Combining tables in R with some value replacement [duplicate]

I have two data.frames, one with only characters and the other one with characters and values.
df1 = data.frame(x=c('a', 'b', 'c', 'd', 'e'))
df2 = data.frame(x=c('a', 'b', 'c'),y = c(0,1,0))
merge(df1, df2)
x y
1 a 0
2 b 1
3 c 0
I want to merge df1 and df2. The characters a, b and c merged good and also have 0, 1, 0 but d and e has nothing. I want d and e also in the merge table, with the 0 0 condition. Thus for every missing row at the df2 data.frame, the 0 must be placed in the df1 table, like:
x y
1 a 0
2 b 1
3 c 0
4 d 0
5 e 0
Take a look at the help page for merge. The all parameter lets you specify different types of merges. Here we want to set all = TRUE. This will make merge return NA for the values that don't match, which we can update to 0 with is.na():
zz <- merge(df1, df2, all = TRUE)
zz[is.na(zz)] <- 0
> zz
x y
1 a 0
2 b 1
3 c 0
4 d 0
5 e 0
Updated many years later to address follow up question
You need to identify the variable names in the second data table that you aren't merging on - I use setdiff() for this. Check out the following:
df1 = data.frame(x=c('a', 'b', 'c', 'd', 'e', NA))
df2 = data.frame(x=c('a', 'b', 'c'),y1 = c(0,1,0), y2 = c(0,1,0))
#merge as before
df3 <- merge(df1, df2, all = TRUE)
#columns in df2 not in df1
unique_df2_names <- setdiff(names(df2), names(df1))
df3[unique_df2_names][is.na(df3[, unique_df2_names])] <- 0
Created on 2019-01-03 by the reprex package (v0.2.1)
Or, as an alternative to #Chase's code, being a recent plyr fan with a background in databases:
require(plyr)
zz<-join(df1, df2, type="left")
zz[is.na(zz)] <- 0
Another alternative with data.table.
EXAMPLE DATA
dt1 <- data.table(df1)
dt2 <- data.table(df2)
setkey(dt1,x)
setkey(dt2,x)
CODE
dt2[dt1,list(y=ifelse(is.na(y),0,y))]
Assuming df1 has all the values of x of interest, you could use a dplyr::left_join() to merge and then either a base::replace() or tidyr::replace_na() to replace the NAs as 0s:
library(tidyverse)
# dplyr only:
df_new <-
left_join(df1, df2, by = 'x') %>%
mutate(y = replace(y, is.na(y), 0))
# dplyr and tidyr:
df_new <-
left_join(df1, df2, by = 'x') %>%
mutate(y = replace_na(y, 0))
# In the sample data column `x` is a factor, which will give a warning with the join.
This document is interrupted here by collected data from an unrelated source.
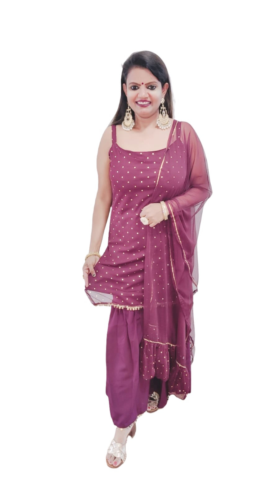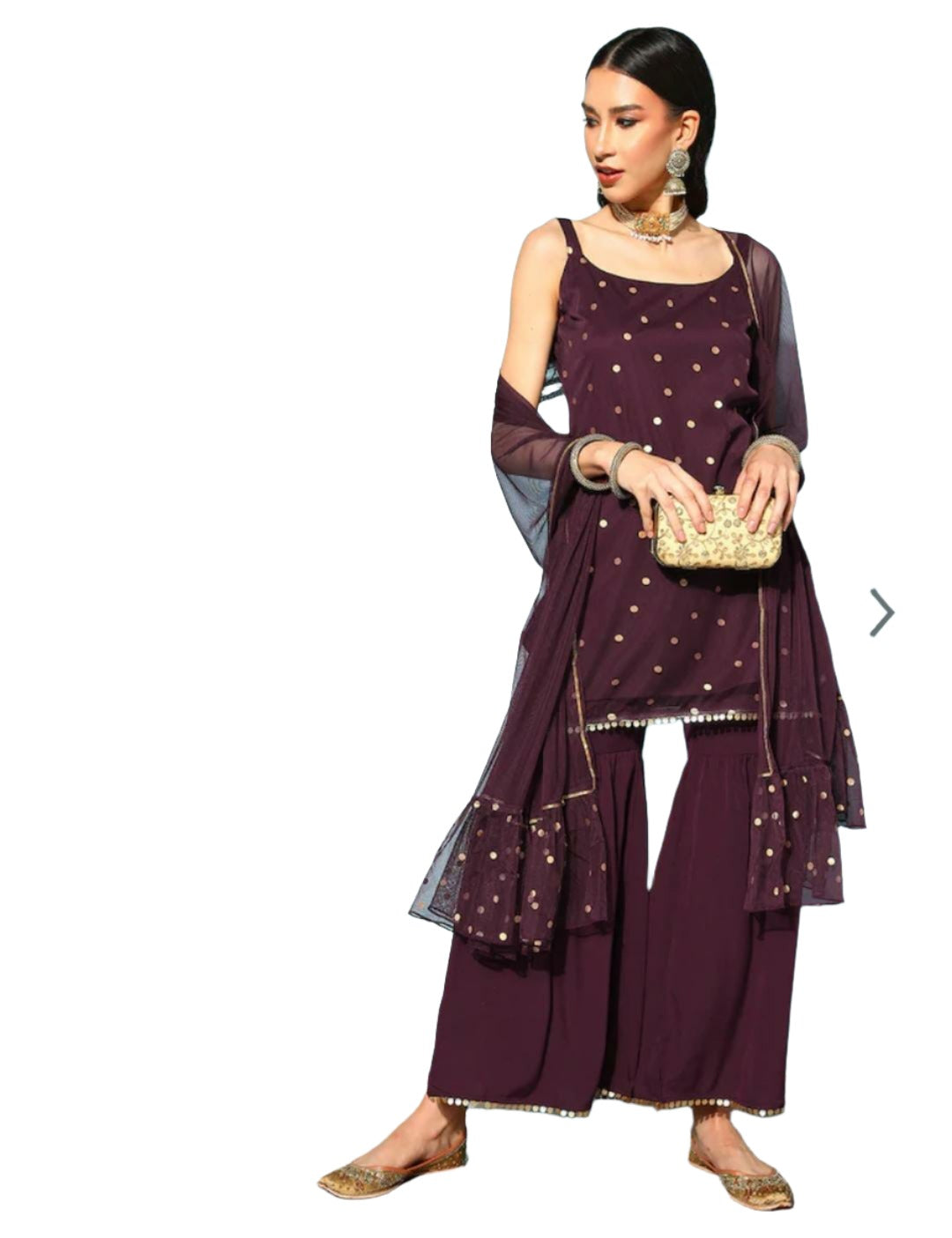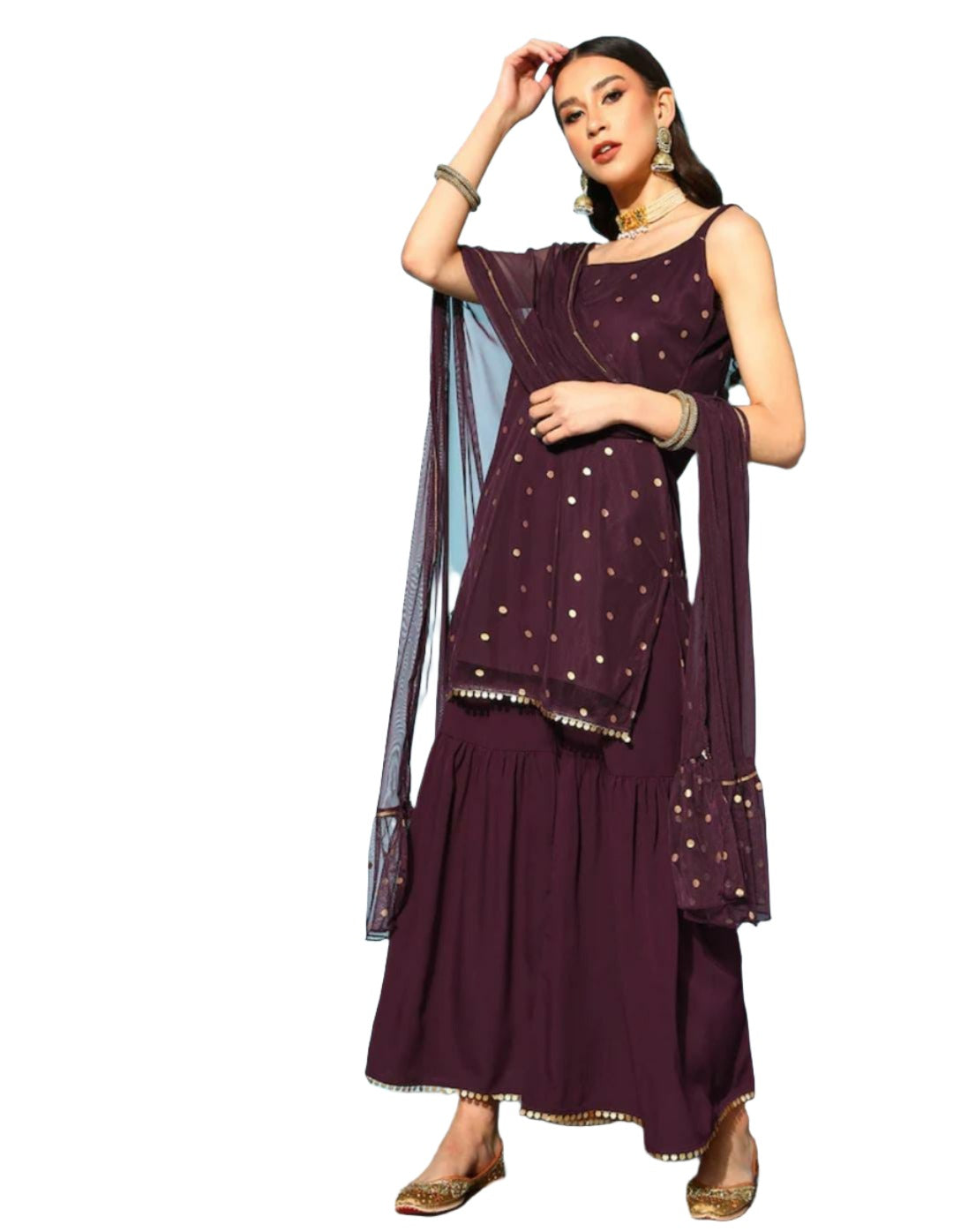 Geometric Crepe Top to Toe Fusion Kurta Set
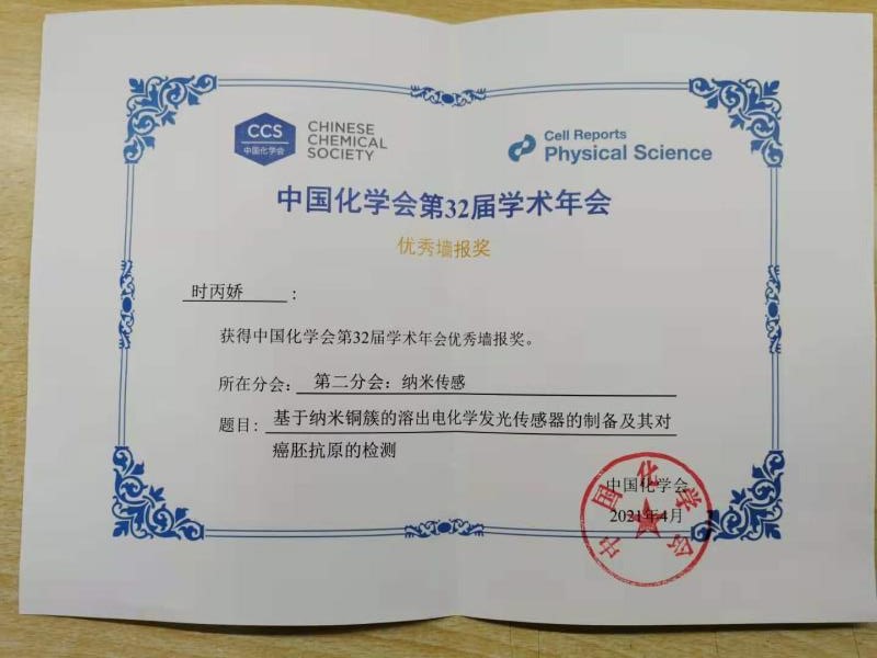 在刚刚结束的中国化学会第32届学术年会上,威廉希尔(WilliamHill)王怀生老师指导的2019级分析化学专业研究生时丙娇同学荣获第二分会(主题:纳米传感)优秀墙报奖。
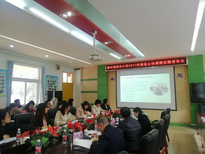 报告会由横栏镇教育和体育事务中心王春明专干、吴炳炎专干、高山老师一行组成的专家组评审,四沙小学欧慧芳校长及四沙小学课题组成员出席报告会。
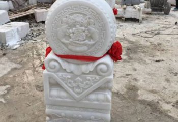 漢白玉大型庭院門口抱鼓石雕塑,以質(zhì)樸典雅的石雕技藝,精致而富有層次感。整件作品以抱鼓為主體,鼓身兩側(cè)刻畫著彩繪紋飾,細節(jié)處精雕細琢,精美絕倫,把古樸清新的石雕藝術(shù)發(fā)揮到極致。
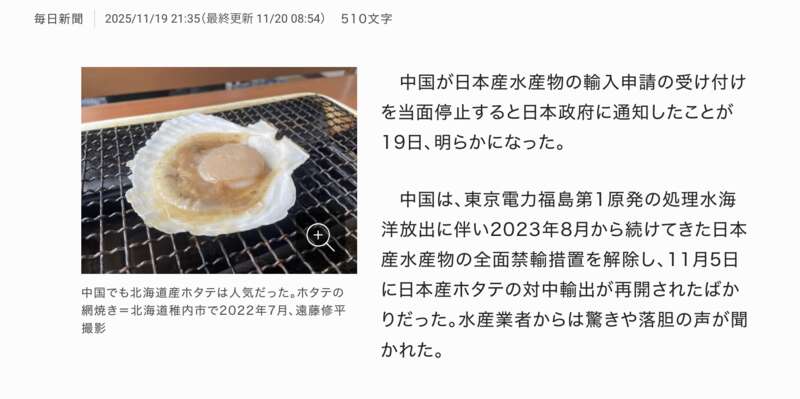 据共同社、日本放送协会和《朝日新闻》报等日媒报道,11月19日,中国向日方通报暂停进口日本水产品。日媒分析称,中方此举或是针对日本首相高市早苗涉台错误言论的反制措施。
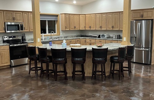 Make yourself at home in this 4-bedroom Pollock retreat. This lodge boasts 4 queen beds, 2 bathrooms with showers, and convenient amenities like a washing machine, WiFi, heating, and AC. The tremendous space offers a beautiful setting for guests to relax and unwind. We hope you enjoy what our place and Pollock has to offer. Two separate common areas , 3 big screen televisions with satellite service , full service kitchen ,reclining sofas and chairs can provide sleeping for 10 additional guests , large climate controlled garage available for an extra $50 per night
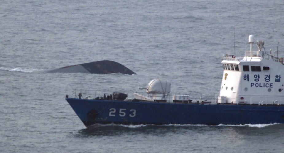 首爾當(dāng)?shù)貢r間26日晚9點45分許,在韓國西部海域執(zhí)行警戒任務(wù)的天安艦(1200噸級)因不明原因事故,船底被炸開洞,船尾開始下沉。天安艦上共有104人,韓國巡邏艇和直升飛機迅速展開救援行動,事發(fā)5小時后,官員稱已救出58人,但因為強風(fēng)和夜幕,救援行動進展緩慢,其它人員仍下落不明。圖為一艘救援船靠近幾近沉沒的韓國海軍“天安艦”。
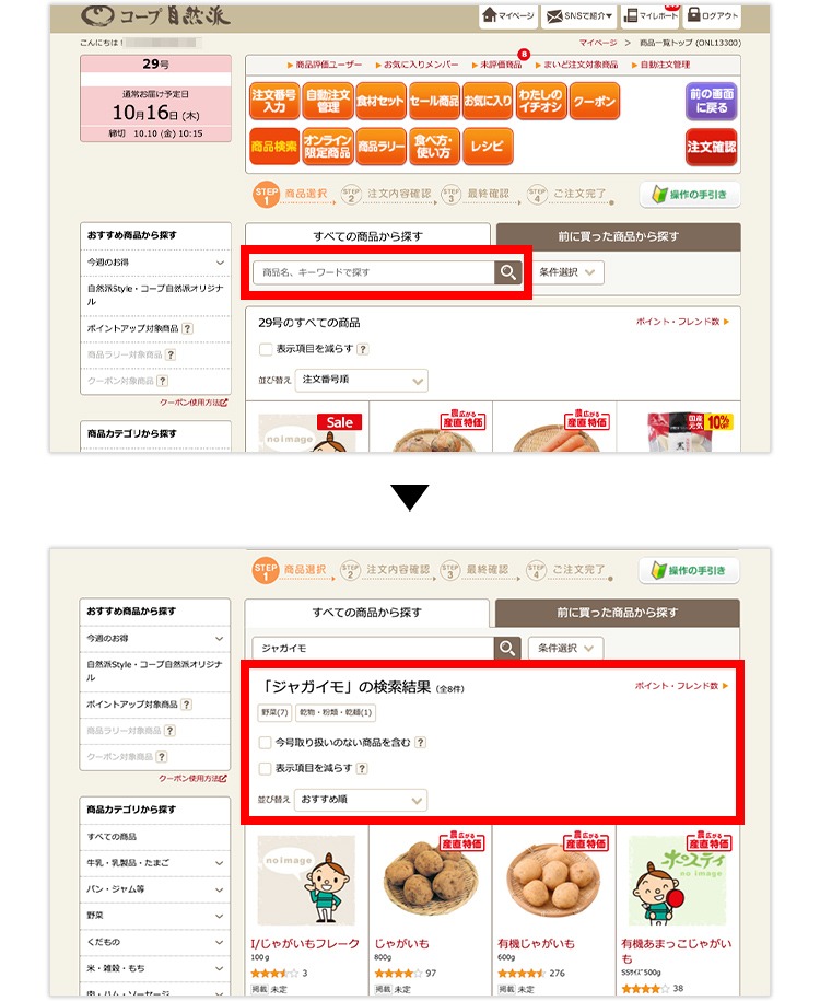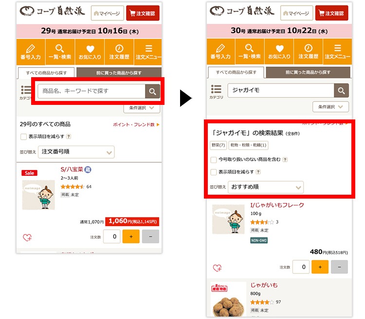 自然派オンラインでは、様々な方法で商品を探すことができます。
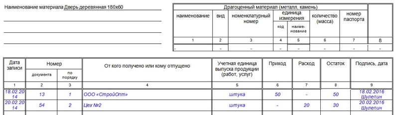 Пример заполнения карточки складского учета материалов можно посмотреть ниже.
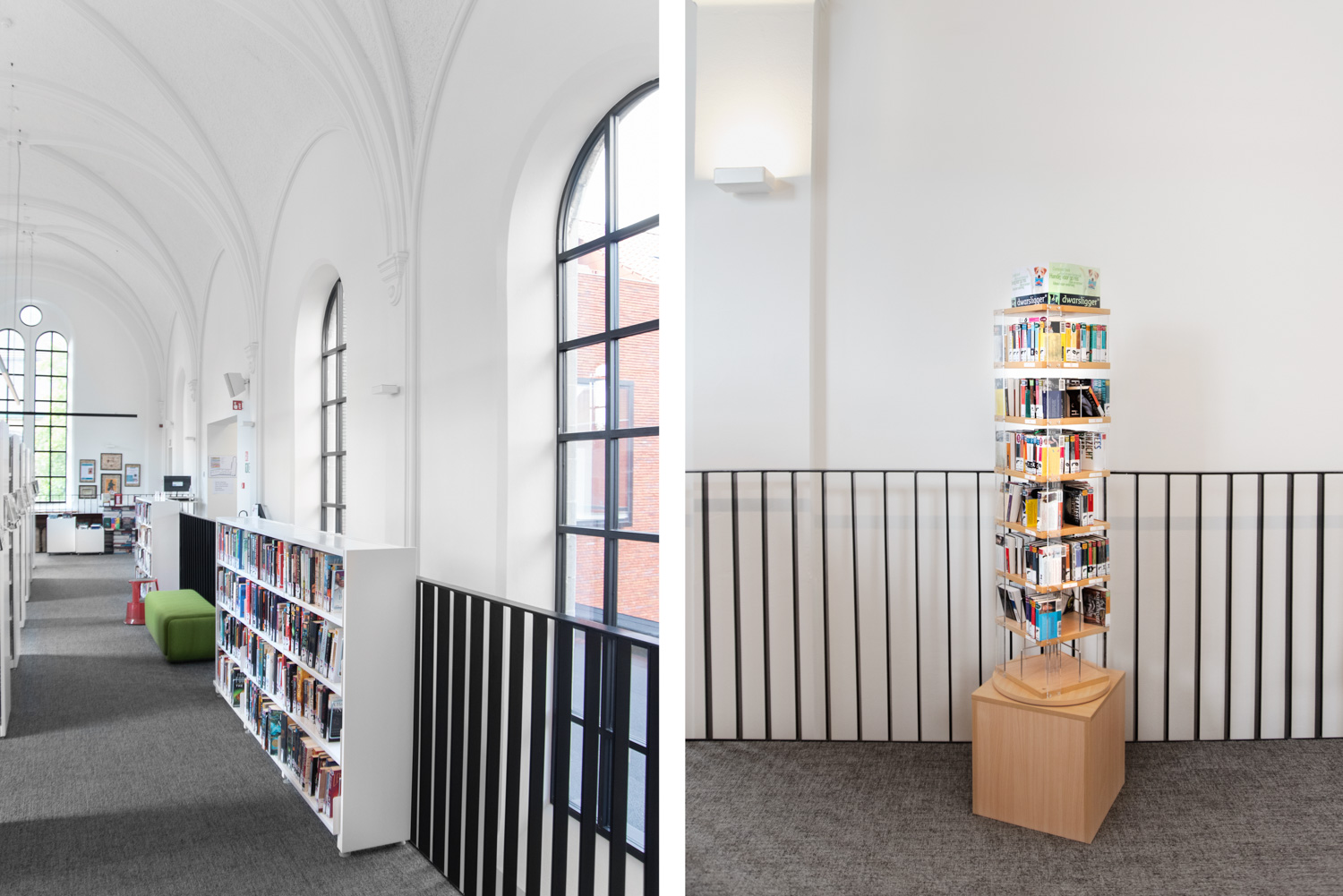 The new library has now been placed in what was the former monastry and Winter Chapel placed in the centre of Hamme. The renovated building has a lot of charm and the position of the columns and pillars in the chapel have been decisive for the interior design.
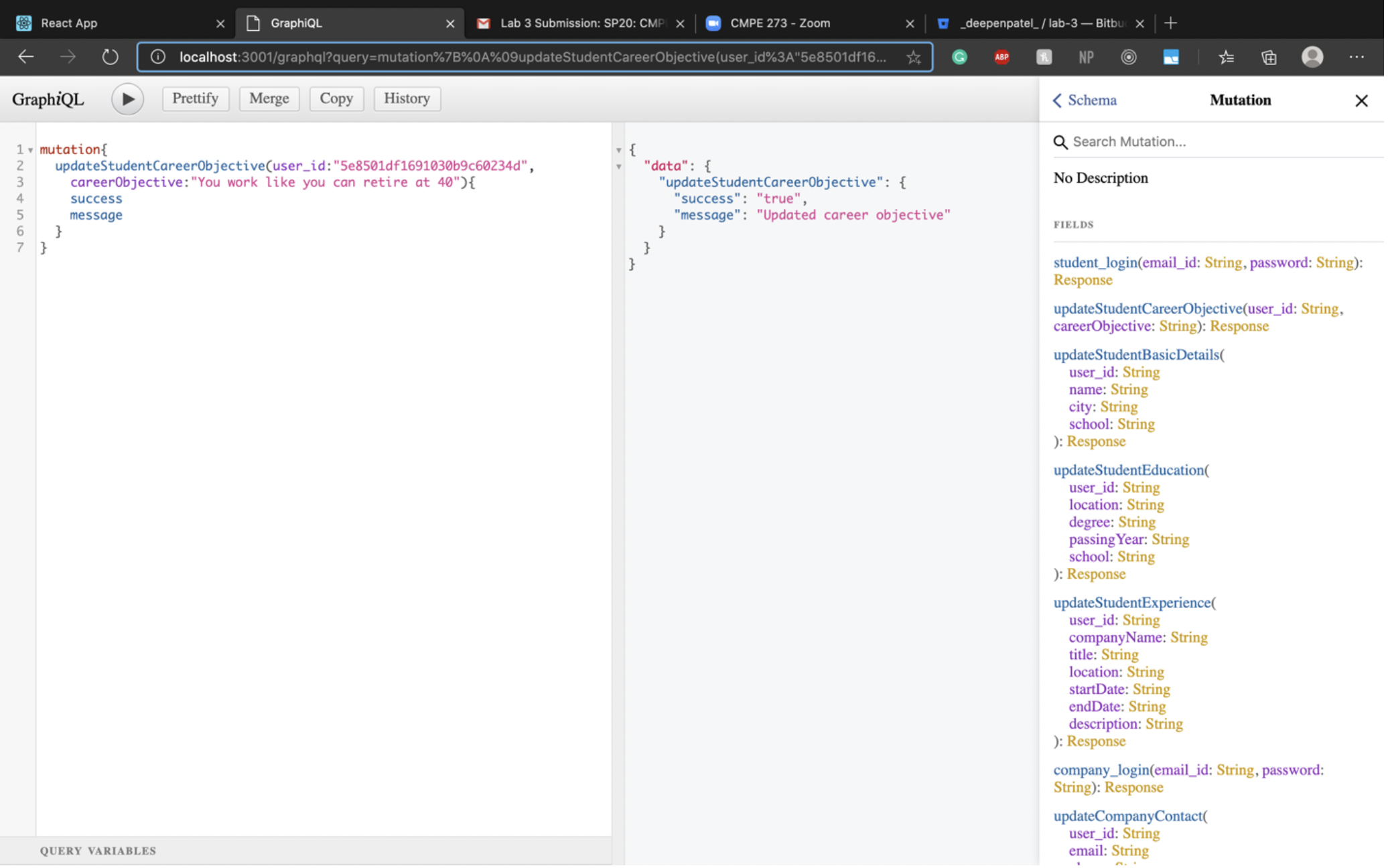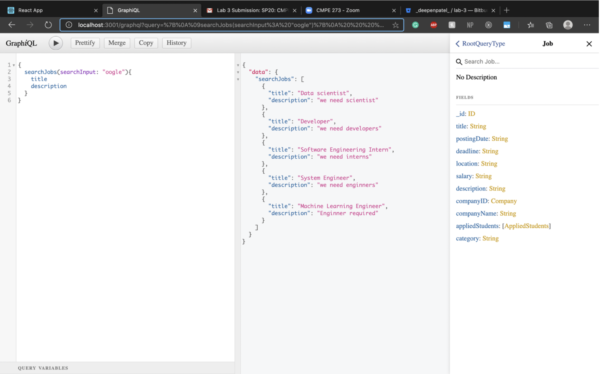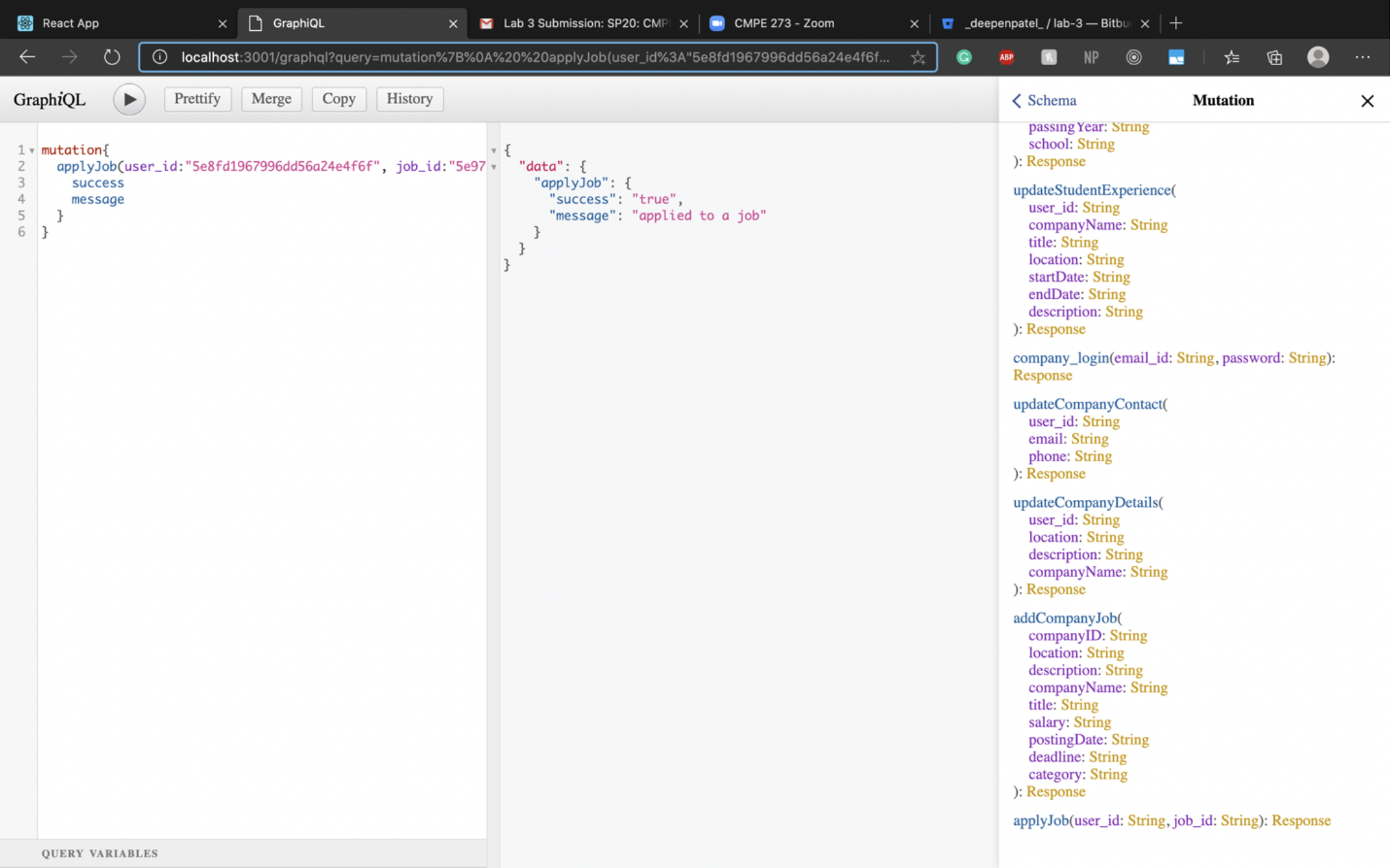 In this project I have tried to replicate the Handshake (joinhandshake.com) where the services offered by the Handshake for student and company are achieved using GraphQL(Data query and manipulation language).

This can be prevented by converting to a character before the join:
df_new <-
left_join(df1 %>% mutate(x = as.character(x)),
df2 %>% mutate(x = as.character(x)),
by = 'x') %>%
mutate(y = replace(y, is.na(y), 0))
I used the answer given by Chase (answered May 11 '11 at 14:21), but I added a bit of code to apply that solution to my particular problem.
I had a frame of rates (user, download) and a frame of totals (user, download) to be merged by user, and I wanted to include every rate, even if there were no corresponding total. However, there could be no missing totals, in which case the selection of rows for replacement of NA by zero would fail.
The first line of code does the merge. The next two lines change the column names in the merged frame. The if statement replaces NA by zero, but only if there are rows with NA.
# merge rates and totals, replacing absent totals by zero
graphdata <- merge(rates, totals, by=c("user"),all.x=T)
colnames(graphdata)[colnames(graphdata)=="download.x"] = "download.rate"
colnames(graphdata)[colnames(graphdata)=="download.y"] = "download.total"
if(any(is.na(graphdata$download.total))) {
graphdata[is.na(graphdata$download.total),]$download.total <- 0
}
Here, a data.table answer. This may be used in selected columns varying the cols_added_df2's definition
df1 = data.frame(x=c('a', 'b', 'c', 'd', 'e'))
df2 = data.frame(x=c('a', 'b', 'c'),y = c(0,1,0))
setDT(df1)
setDT(df2)
df3 <- merge(df1, df2, by = "x", all.x = TRUE)
cols_added_df2 <- setdiff(names(df2), names(df1))
df3[,
paste0(cols_added_df2) := lapply(.SD, function(col){
fifelse(is.na(col), 1, col)
}),
.SDcols = cols_added_df2
]
With {powerjoin} we can do:
df1 = data.frame(x=c('a', 'b', 'c', 'd', 'e'))
df2 = data.frame(x=c('a', 'b', 'c'),y = c(0,1,0))
powerjoin::power_full_join(df1, df2, fill = 0)
#> Joining, by = "x"
#> x y
#> 1 a 0
#> 2 b 1
#> 3 c 0
#> 4 d 0
#> 5 e 0
Created on 2022-04-28 by the reprex package (v2.0.1)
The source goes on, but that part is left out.